LONDON (March 7): The dollar steadied against a basket of currencies in early European trade on Tuesday, still stuck below highs hit in December and January after two weeks in which expectations for a rise in U.S. interest rates this month have soared.
The biggest movers among the G10 group of major currencies were sterling and the Australian dollar, which gained after a meeting of the country's Reserve Bank, before handing back most of those gains as European dealers arrived.
The peaking of a year-long surge in metals prices has seen the Aussie fall back and it was the hardest hit of the major currencies in last week's swift move to price in a March rise in Federal Reserve interest rates.
Against other currencies, however, the U.S. dollar has done less well, failing to break conclusively below US$1.05 to the euro or 112 to the yen.

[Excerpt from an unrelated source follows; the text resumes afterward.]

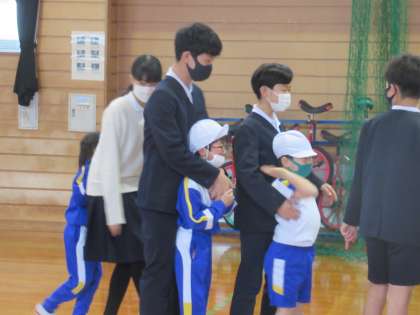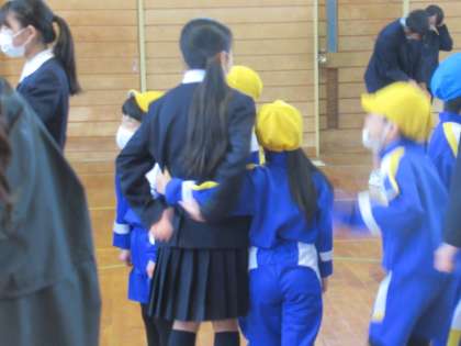 1年生と6年生が寄り添いながら楽しそうに活動しています。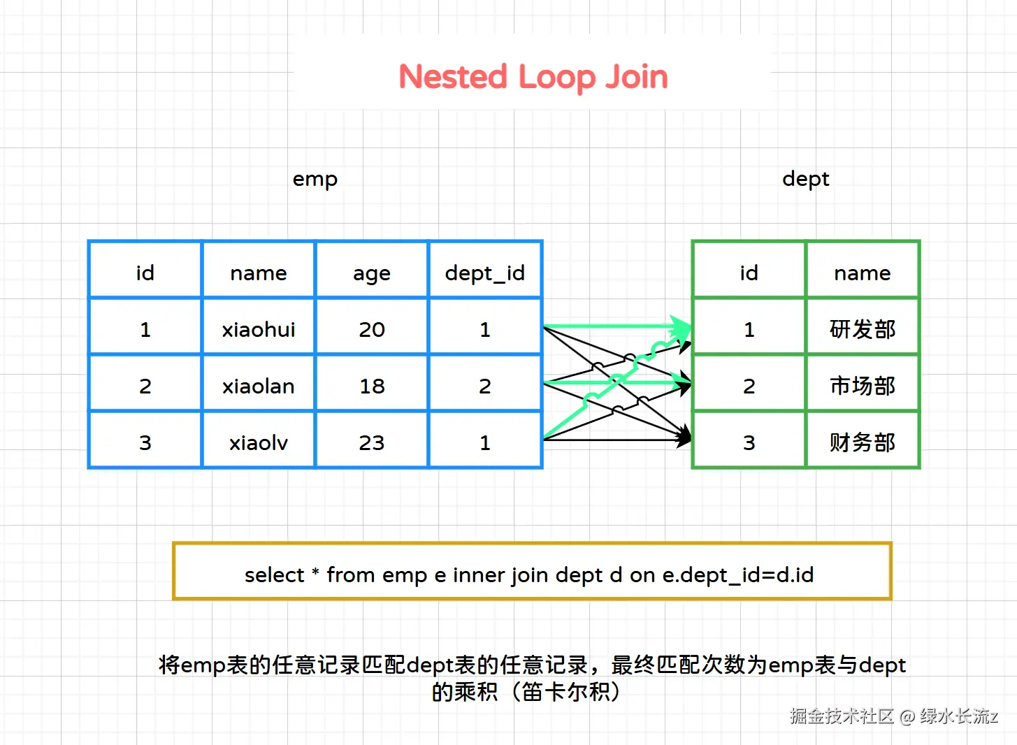 对于左表中的每一行,遍历右表的所有行寻找匹配的记录。这是一种最基本的连接方式,适用于小规模数据集或当没有合适的索引可用时。

"If you had told me expectations for a March hike would reach almost 100 percent, I would have said we would have been well below US$1.05," said Niels Christensen, a strategist with Nordea in Copenhagen.
"The disappointment in that move caused more profit-taking on Friday, but I don't see the euro moving much higher from here."

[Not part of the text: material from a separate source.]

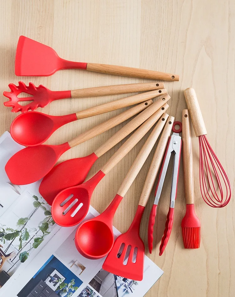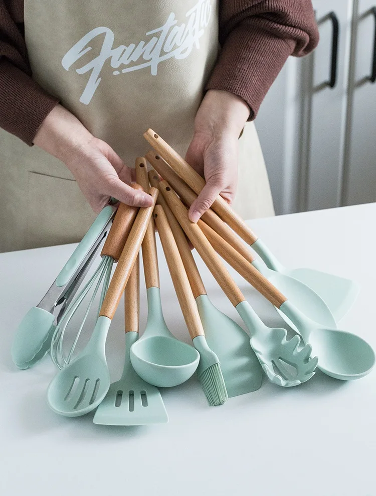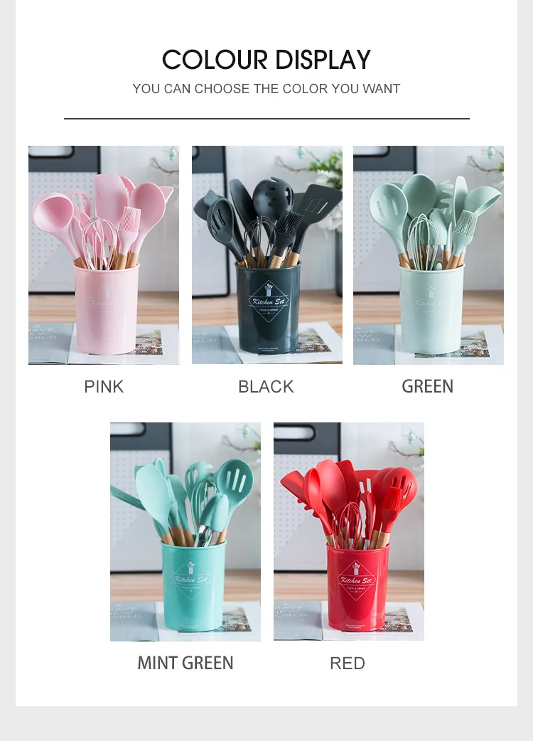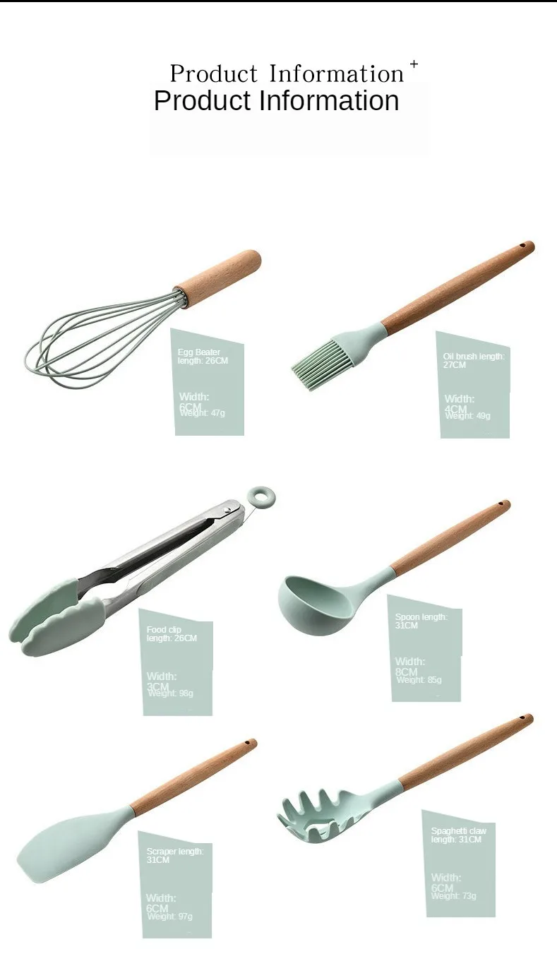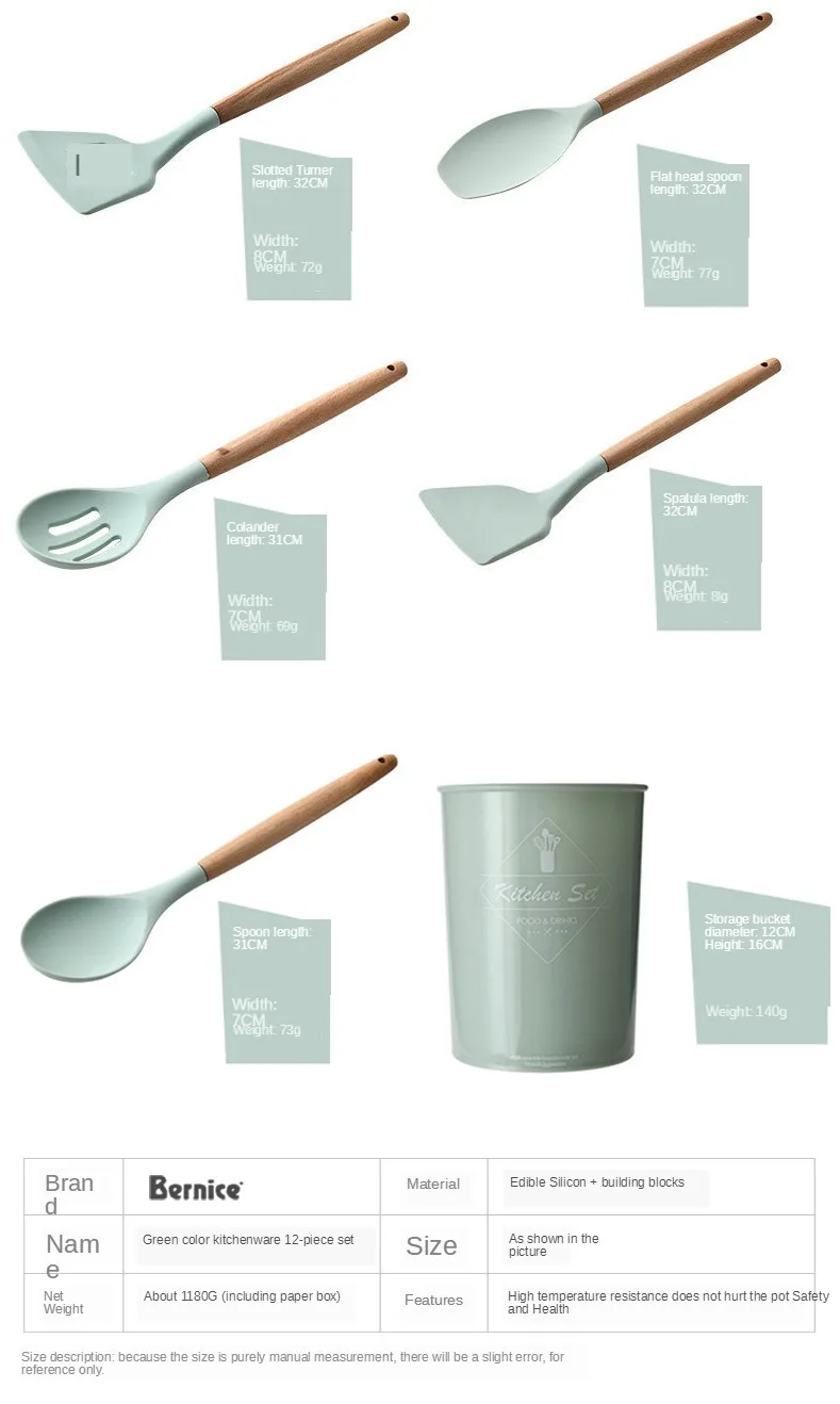 Add the product to the cart and pay attention in advance so that you can get the first delivery and small gifts! 9 / 10 / 12 pcs Silica Gel cooker set non-stick spatula wooden handle cooking set with storage box kitchen tools Silicone cutlery sets are kitchen helpers, perfect for all types of food and cooking and kitchen accessories, stir fries, whipped cream, butter, ice cream, etc. . Includes SPATULA, BAS brush, spatula, rounded edge turning machine, ladle, straight edge turning machine, spoon, tongs, pasta fork, perfect for all types of food and cooking. To all dear customers: 1. We ship around the world, we will pack everything carefully before shipment. These goods are in stock and will be delivered within 24 hours. Logistics and delivery time: Send Standard Express, tracking information throughout. 4. Return goods for free Return it within 15 days for any reason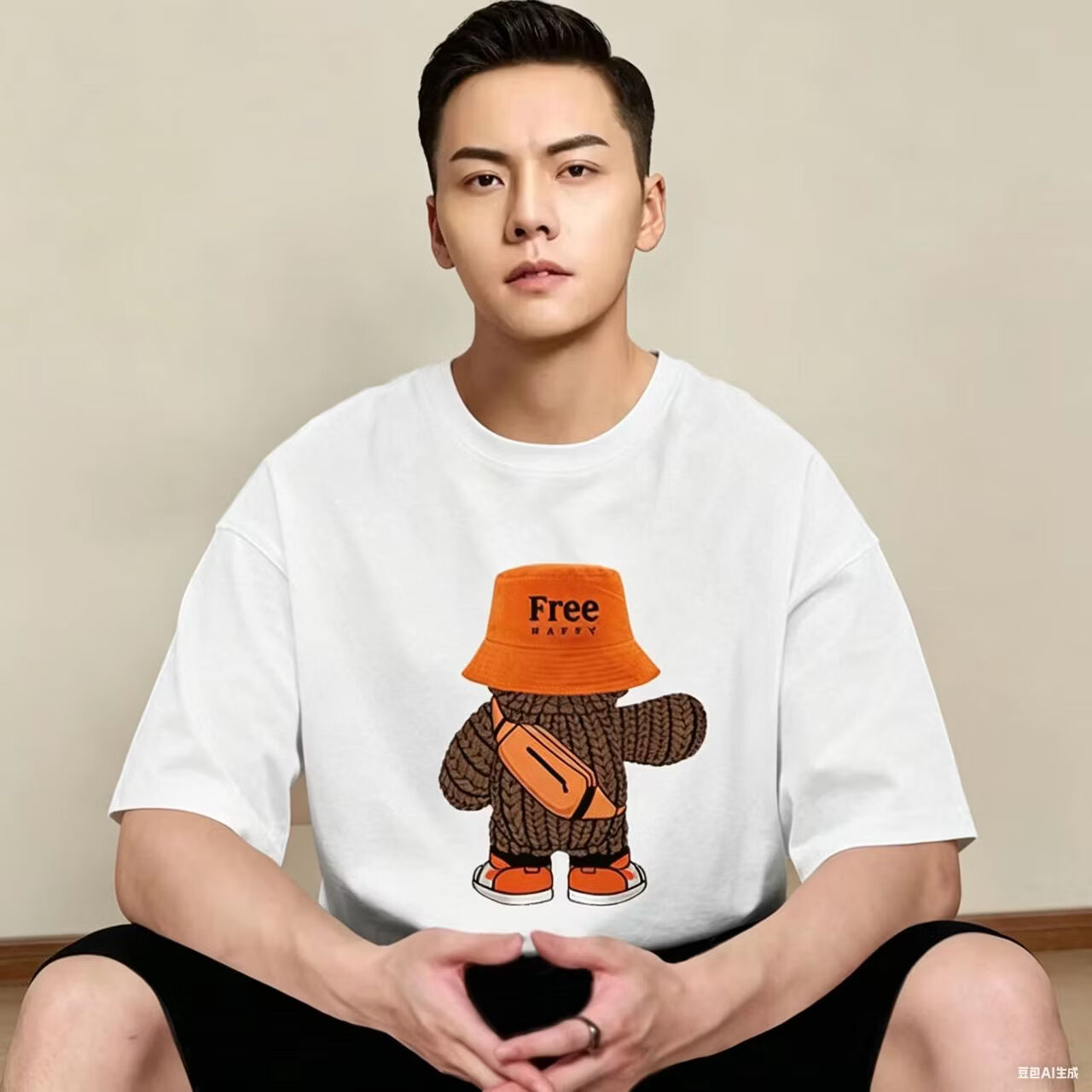 【陈伟霆同款】夏季新款印花宽松圆领T恤打底衫

The dollar index rose less than 0.1% to 101.70 by 0900 GMT. Against sterling it gained 0.2% to US$1.2211 and traded broadly flat at 113.94 yen and US$1.0580 per euro.
Comments overnight by Trump administration trade adviser Peter Navarro pulled attention back to concerns over the White House's attitude to trade and the dollar, as officials prepare for G20 meetings later this month.
Navarro, who has previously said an undervalued euro gave Germany an edge over its trading partners, said on Monday that the US$65 billion U.S. trade deficit with Germany was "one of the most difficult" trade issues, and bilateral discussions were needed to reduce it outside of European Union restrictions.
Trump's policy pledges on domestic spending and taxation are generally thought to point to a stronger dollar but both the president and a number of his officials have indicated dissatisfaction with the current strength of the greenback.
The U.S. publishes trade balance figures on Tuesday. One surprise during Asian time was a rise in China's currency reserves, which had been expected to fall again sharply in February.
"Given negative valuations effects this suggests there wasn't any intervention to support the yuan in February," said Societe Generale strategist Kit Juckes. "That helps Asian currencies for now, including the Aussie."